=== Begin Enclosure ===

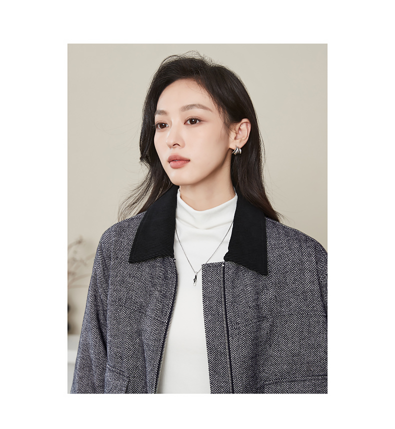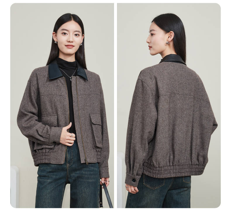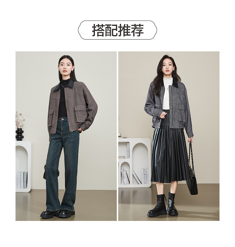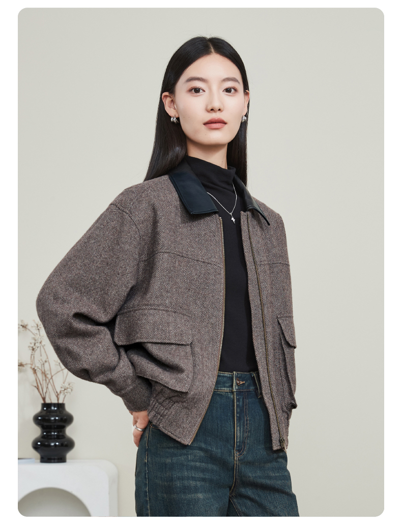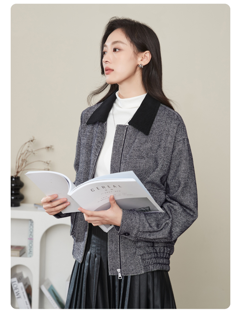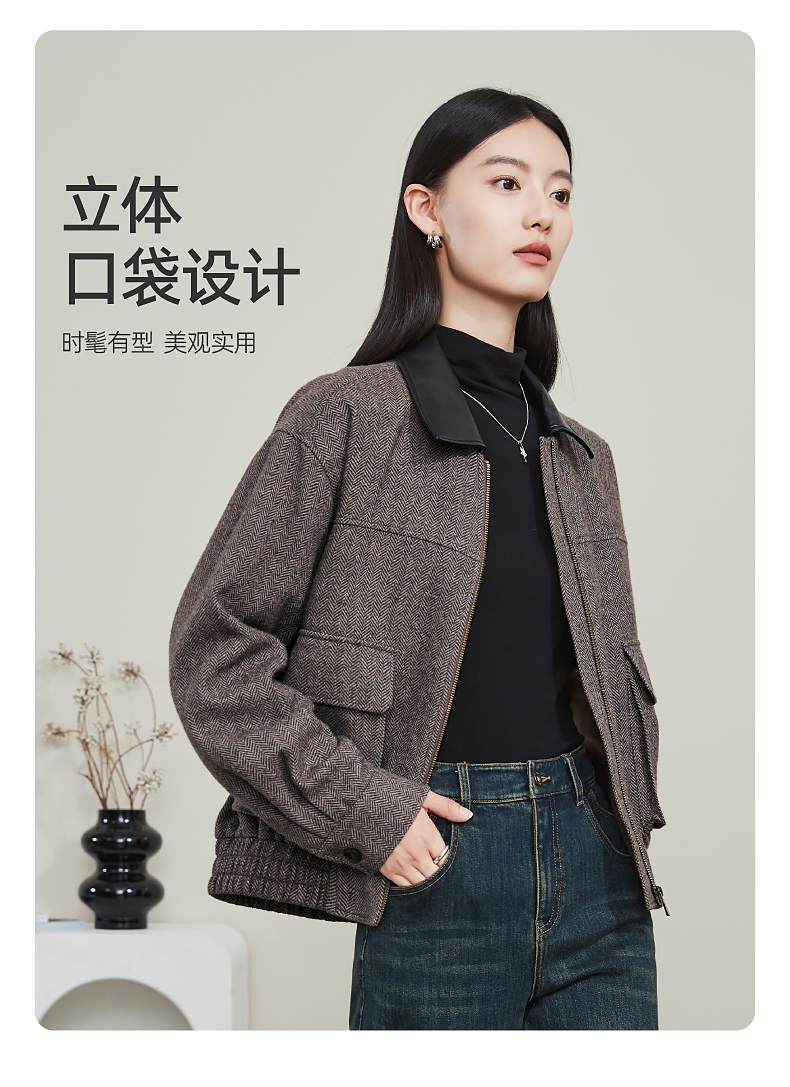 【超值!羊毛夹克外套】逸阳复古翻领人字纹短款宽松简约通勤外套3904
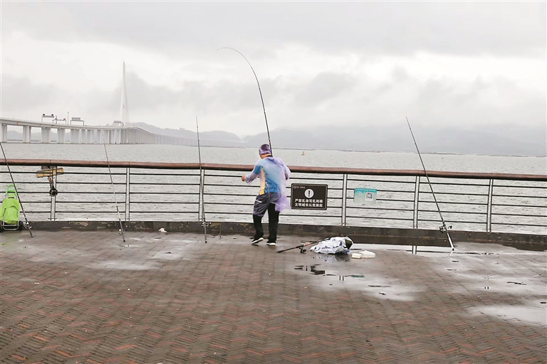 通告上标出了禁渔区域坐标,深圳湾大桥北侧的观海栈桥位于禁渔区内,此前偶尔有部分游客悄悄下钩垂钓。“这片属于禁渔区,每天都有不少人抱着侥幸心理来钓鱼,我们只能在这里加强巡逻反复劝导。”一位保安表示。
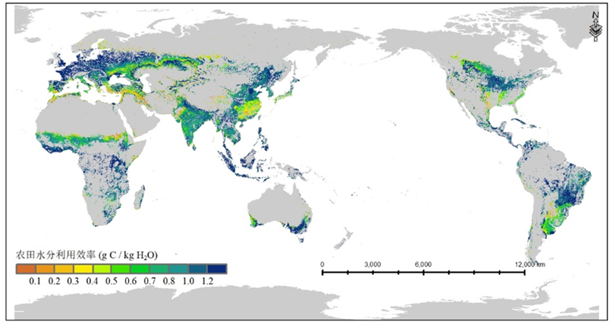 农田水分利用效率与人类福祉和可持续发展目标等息息相关,在水资源总量有限而用水需求不断增长的情况下,提高水分利用效率,减小单位生产力所需的耗水量,是解决水资源短缺问题的重要途径之一。 本数据产品定义的农田水分利用效率表达为农田净初级生产力与蒸散发量之间的比值(单位:克碳/千克水/年),表征了作物光合作用碳同化与水消耗之间的权衡关系,反映农田生态系统服务能力。农田蒸散发量来自本数据产品集中的“全球陆表蒸散发产品”,该数据产品由多源遥感数据等驱动的ETMonitor模型估算;农田净初级生产力等于作物总初级生产力减去作物维持自身呼吸所消耗的被固定的有机碳部分,其中,总初级生产力由考虑了土壤水分胁迫后改进的光能利用率模型EF-LUE估算,作物维持自身呼吸所消耗的被固定的有机碳部分则由生长呼吸(与净初级生产力成正比)和维持呼吸(与叶面积指数等有关) 累加获得。

=== End Enclosure ===

Print the data exactly, from its first line to the line containing "通告上标出了禁渔区域坐标,深", both included. Omit the pictures.

 【超值!羊毛夹克外套】逸阳复古翻领人字纹短款宽松简约通勤外套3904
 通告上标出了禁渔区域坐标,深圳湾大桥北侧的观海栈桥位于禁渔区内,此前偶尔有部分游客悄悄下钩垂钓。“这片属于禁渔区,每天都有不少人抱着侥幸心理来钓鱼,我们只能在这里加强巡逻反复劝导。”一位保安表示。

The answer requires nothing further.